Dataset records
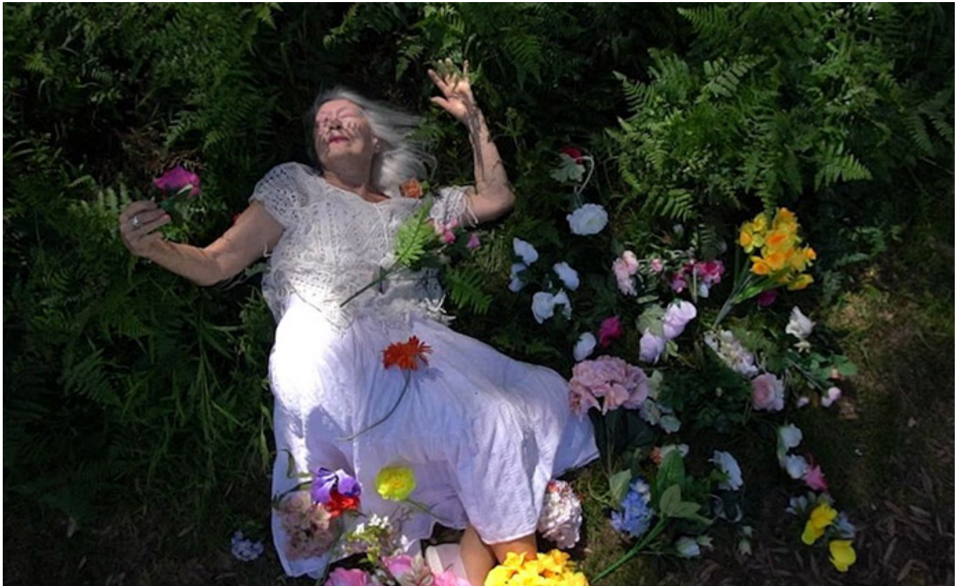
Lady of the Horizon, de Sue Healey

Disponible en ligne dès le 22 juillet 2022
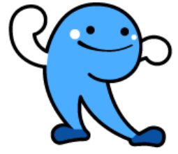
高知県イメージキャラクター 「くろしおくん」
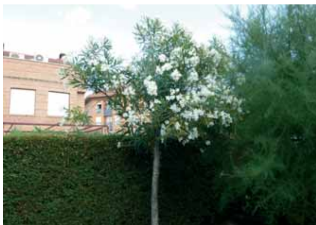
18-08-2011. Con la debida poda, la adelfa puede presentar el aspecto de un árbol de porte pequeño.

Historia.- Nerium , designa su género y proviene de la palabra griega nerion , que a su vez deriva de narós: fluir, manar, en referencia a que el hábitat natural de la adelfa es junto a los cursos de agua. También está asociado a Nereo, dios del Mar. Oleander : epíteto indicativo de que
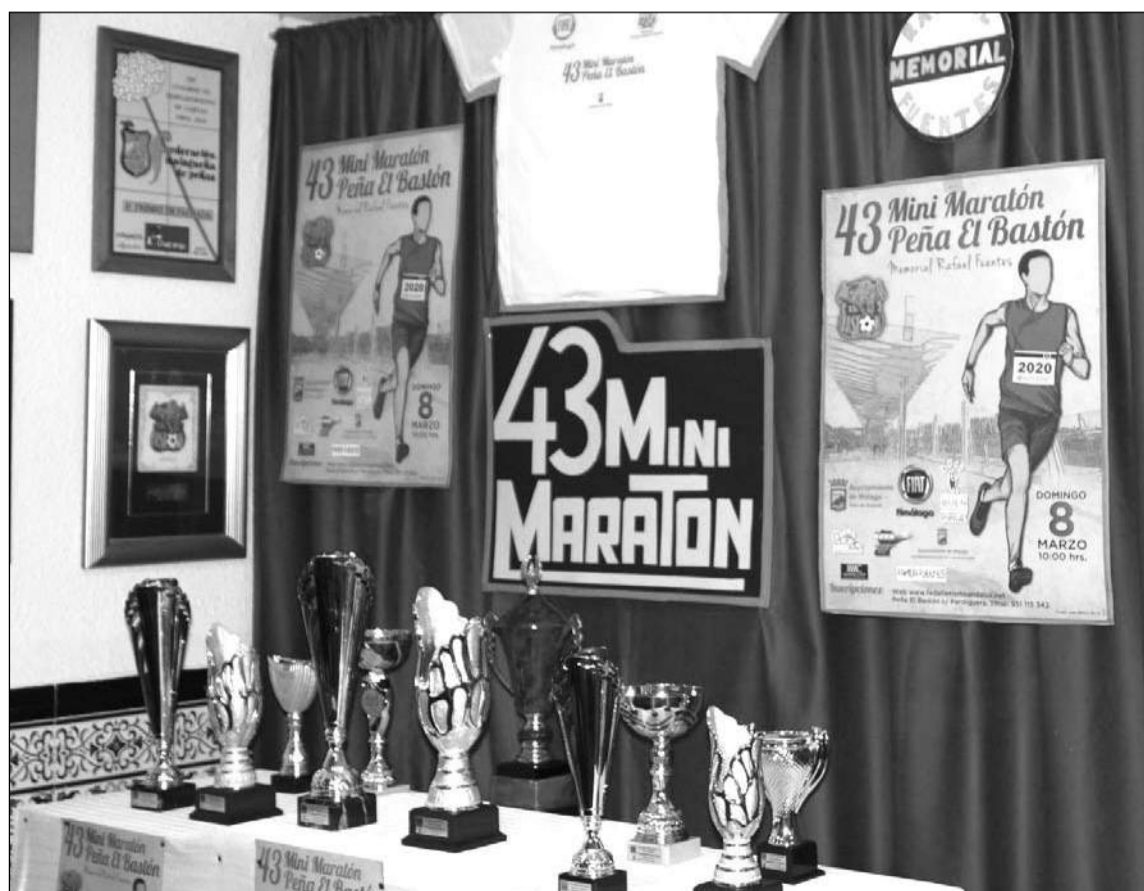
Presentación de esta edición, celebrada días atrás en la sede de la Peña El Bastón.

Desde la Peña El Bastón se espera comunicar a los corredores una nueva fecha en el menos plazo posible, para de este modo mantener la decana de las carreras populares que se celebran en toda la provincia de Málaga. La Federación de Peñas muestra su compromiso de colaboración para que la prueba siga con su actividad.

Assignment: Among the entries above, take the lines from the one with "Disponible en ligne dès le 22 juillet 2022" through the one with "18-08-2011. Con la" and retype them exactly, leaving out the pictures.

Task output:
Disponible en ligne dès le 22 juillet 2022
高知県イメージキャラクター 「くろしおくん」
18-08-2011. Con la debida poda, la adelfa puede presentar el aspecto de un árbol de porte pequeño.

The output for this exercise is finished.